The material below holds the lines to copy: from the one with "В Рязани опять" up to and including the one with "建面约115㎡小户型也可随心". Copy them exactly and skip the pictures.

━━━━━ INPUT

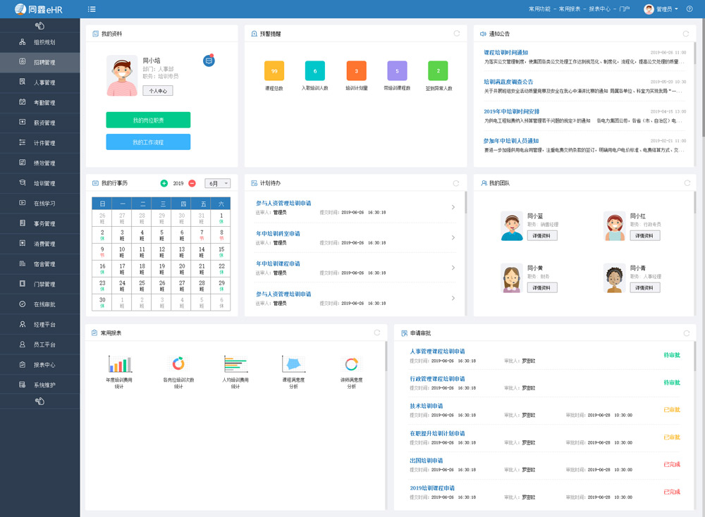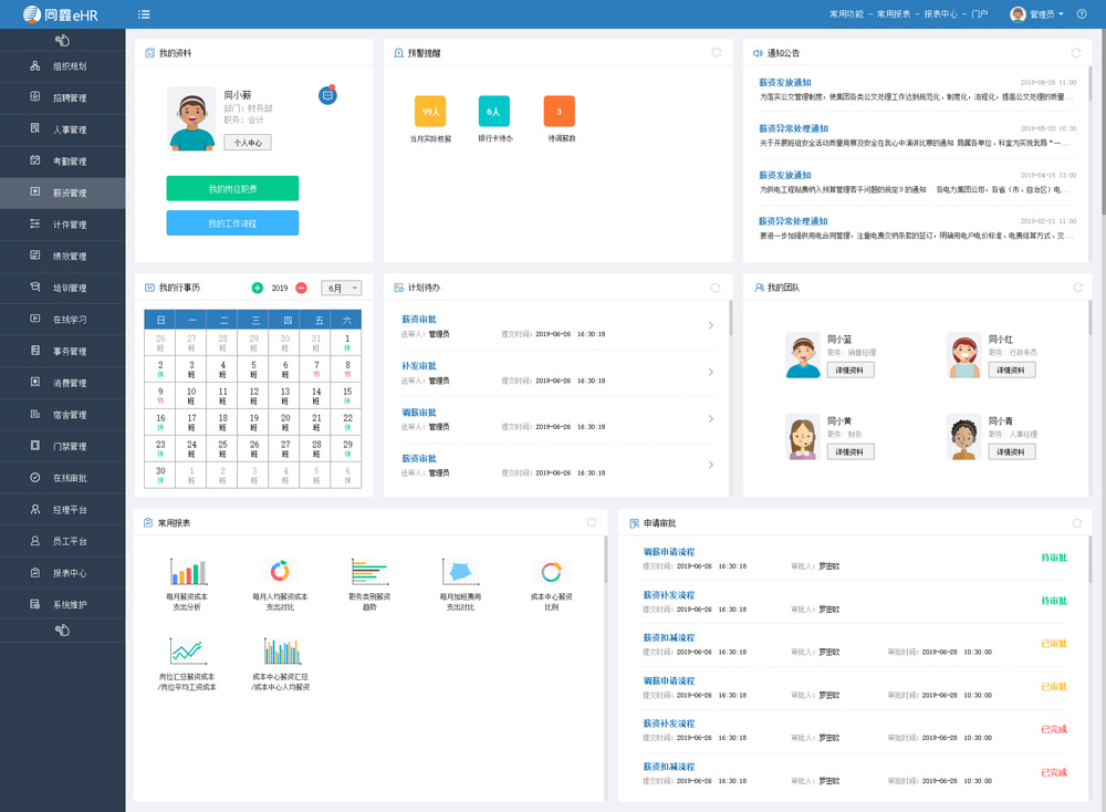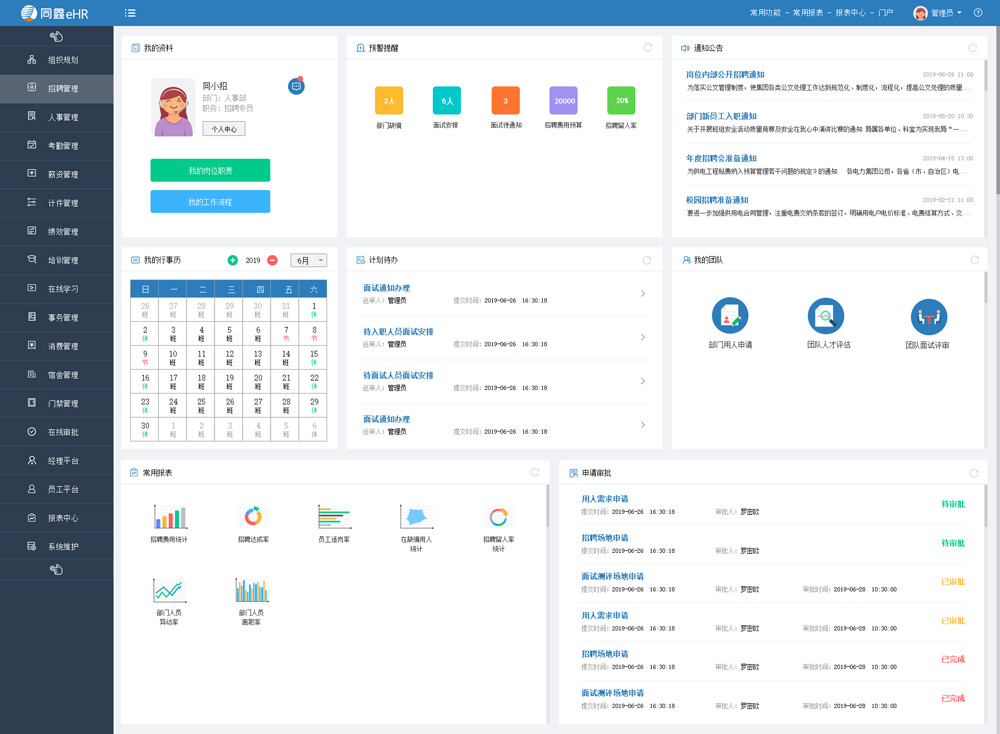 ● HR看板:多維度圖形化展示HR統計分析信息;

━━━━━━━━━━
━━━━━ INPUT

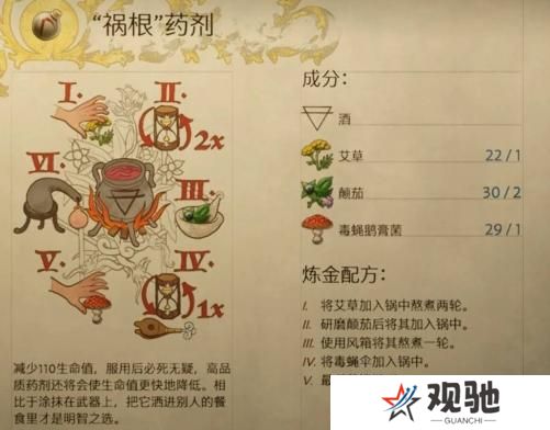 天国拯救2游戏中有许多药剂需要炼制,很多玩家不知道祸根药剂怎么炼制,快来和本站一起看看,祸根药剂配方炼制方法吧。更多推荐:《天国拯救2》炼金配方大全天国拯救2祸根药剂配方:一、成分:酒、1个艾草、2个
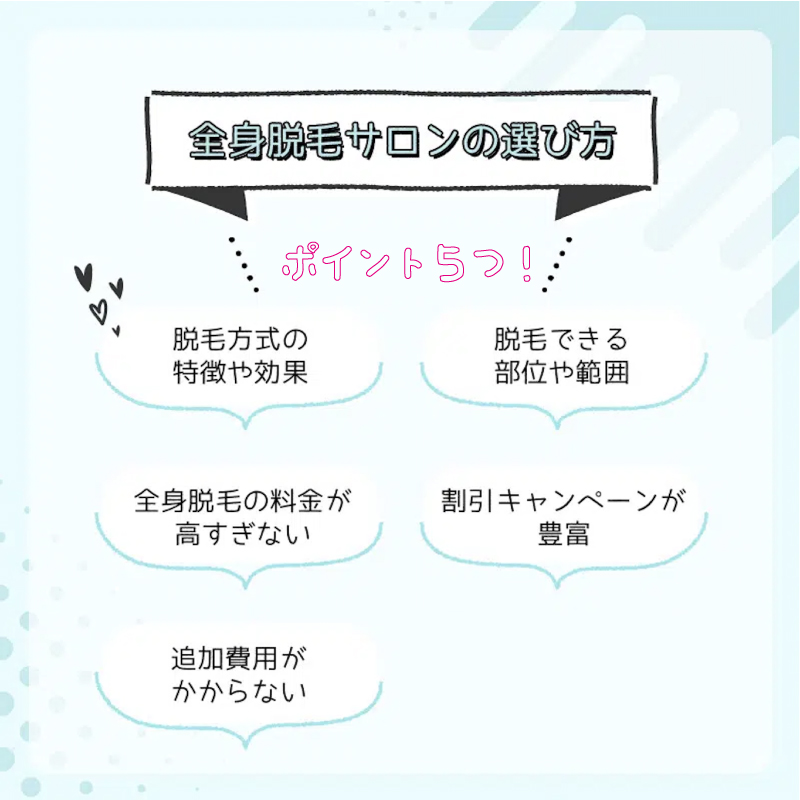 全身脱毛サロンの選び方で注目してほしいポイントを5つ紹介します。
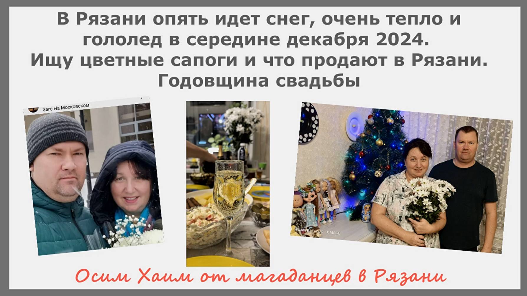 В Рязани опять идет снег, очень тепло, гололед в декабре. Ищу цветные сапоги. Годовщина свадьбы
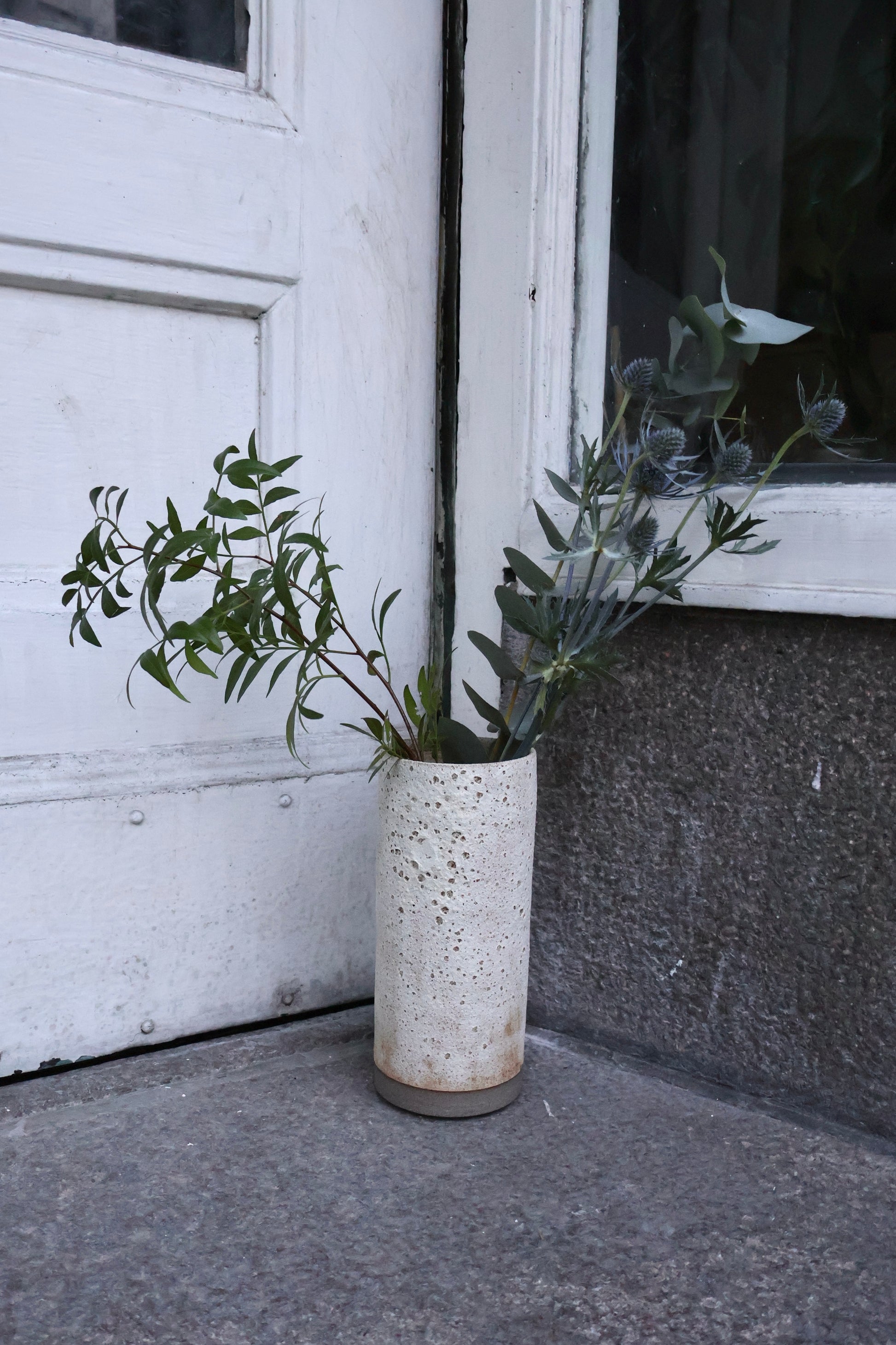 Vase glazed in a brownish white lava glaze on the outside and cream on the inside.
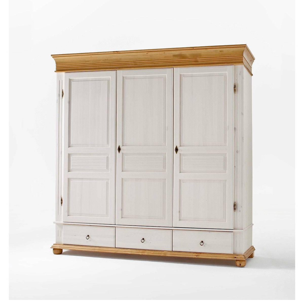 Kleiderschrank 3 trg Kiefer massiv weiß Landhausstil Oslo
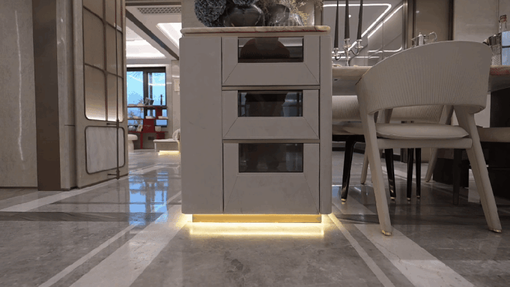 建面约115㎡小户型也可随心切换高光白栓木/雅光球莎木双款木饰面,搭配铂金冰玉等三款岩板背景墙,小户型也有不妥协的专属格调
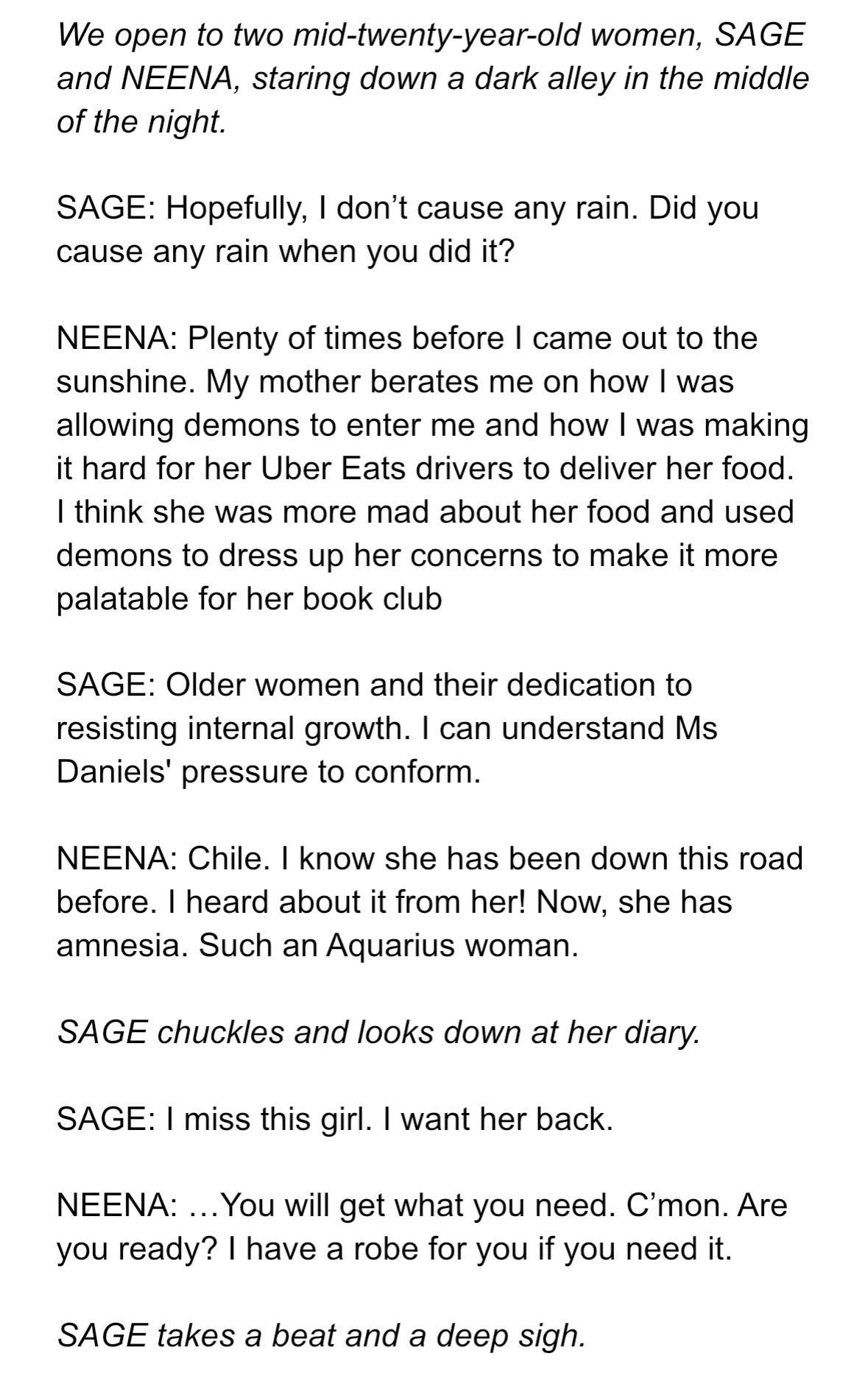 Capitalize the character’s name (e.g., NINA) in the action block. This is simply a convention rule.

━━━━━━━━━━

▶ [EXERCISE RESULT]
 В Рязани опять идет снег, очень тепло, гололед в декабре. Ищу цветные сапоги. Годовщина свадьбы
 Vase glazed in a brownish white lava glaze on the outside and cream on the inside.
 Kleiderschrank 3 trg Kiefer massiv weiß Landhausstil Oslo
 建面约115㎡小户型也可随心切换高光白栓木/雅光球莎木双款木饰面,搭配铂金冰玉等三款岩板背景墙,小户型也有不妥协的专属格调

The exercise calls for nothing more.